— Exercise description —
Output each record below exactly as it stands, leaving out the pictures.

(Data excerpts)
+--
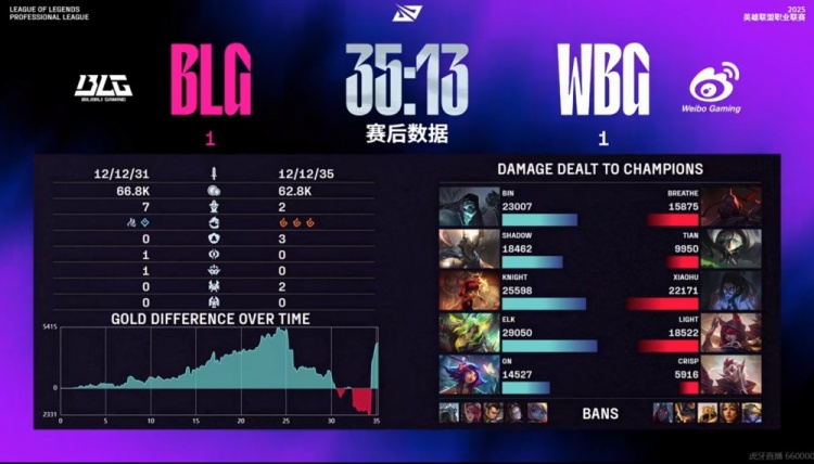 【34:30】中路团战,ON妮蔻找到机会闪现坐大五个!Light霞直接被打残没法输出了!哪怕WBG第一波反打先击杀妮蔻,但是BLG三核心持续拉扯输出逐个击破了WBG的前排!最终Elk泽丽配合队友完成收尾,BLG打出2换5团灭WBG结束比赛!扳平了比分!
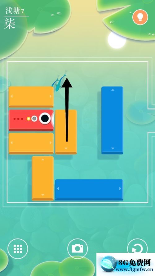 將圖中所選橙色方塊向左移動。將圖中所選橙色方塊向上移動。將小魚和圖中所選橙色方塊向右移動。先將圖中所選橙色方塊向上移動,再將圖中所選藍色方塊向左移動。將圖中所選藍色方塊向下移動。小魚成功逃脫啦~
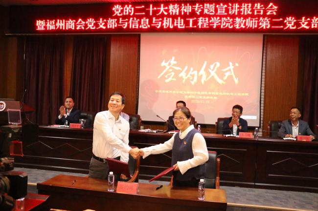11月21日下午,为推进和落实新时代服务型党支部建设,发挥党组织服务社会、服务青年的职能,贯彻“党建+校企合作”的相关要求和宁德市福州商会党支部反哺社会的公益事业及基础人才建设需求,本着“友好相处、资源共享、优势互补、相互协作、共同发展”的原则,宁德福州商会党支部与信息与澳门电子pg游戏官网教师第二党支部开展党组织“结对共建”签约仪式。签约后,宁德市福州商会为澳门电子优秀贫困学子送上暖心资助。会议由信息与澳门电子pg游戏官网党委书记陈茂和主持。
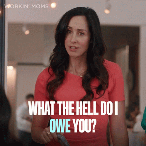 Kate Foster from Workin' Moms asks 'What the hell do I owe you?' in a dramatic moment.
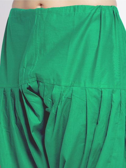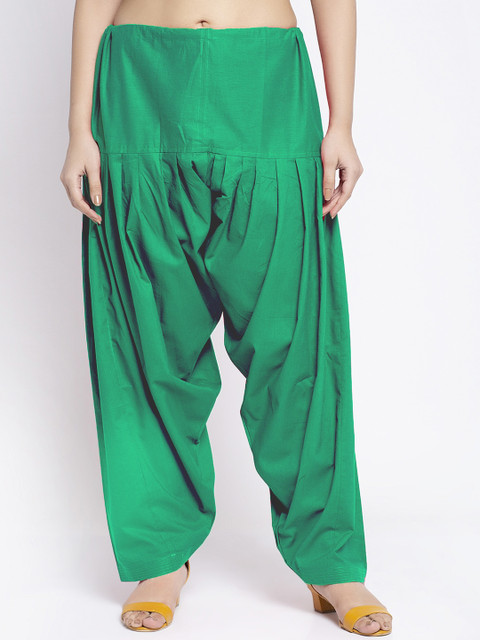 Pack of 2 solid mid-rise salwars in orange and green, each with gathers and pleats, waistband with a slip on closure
+--
— Task solution —
 【34:30】中路团战,ON妮蔻找到机会闪现坐大五个!Light霞直接被打残没法输出了!哪怕WBG第一波反打先击杀妮蔻,但是BLG三核心持续拉扯输出逐个击破了WBG的前排!最终Elk泽丽配合队友完成收尾,BLG打出2换5团灭WBG结束比赛!扳平了比分!
 將圖中所選橙色方塊向左移動。將圖中所選橙色方塊向上移動。將小魚和圖中所選橙色方塊向右移動。先將圖中所選橙色方塊向上移動,再將圖中所選藍色方塊向左移動。將圖中所選藍色方塊向下移動。小魚成功逃脫啦~
11月21日下午,为推进和落实新时代服务型党支部建设,发挥党组织服务社会、服务青年的职能,贯彻“党建+校企合作”的相关要求和宁德市福州商会党支部反哺社会的公益事业及基础人才建设需求,本着“友好相处、资源共享、优势互补、相互协作、共同发展”的原则,宁德福州商会党支部与信息与澳门电子pg游戏官网教师第二党支部开展党组织“结对共建”签约仪式。签约后,宁德市福州商会为澳门电子优秀贫困学子送上暖心资助。会议由信息与澳门电子pg游戏官网党委书记陈茂和主持。
 Kate Foster from Workin' Moms asks 'What the hell do I owe you?' in a dramatic moment.
 Pack of 2 solid mid-rise salwars in orange and green, each with gathers and pleats, waistband with a slip on closure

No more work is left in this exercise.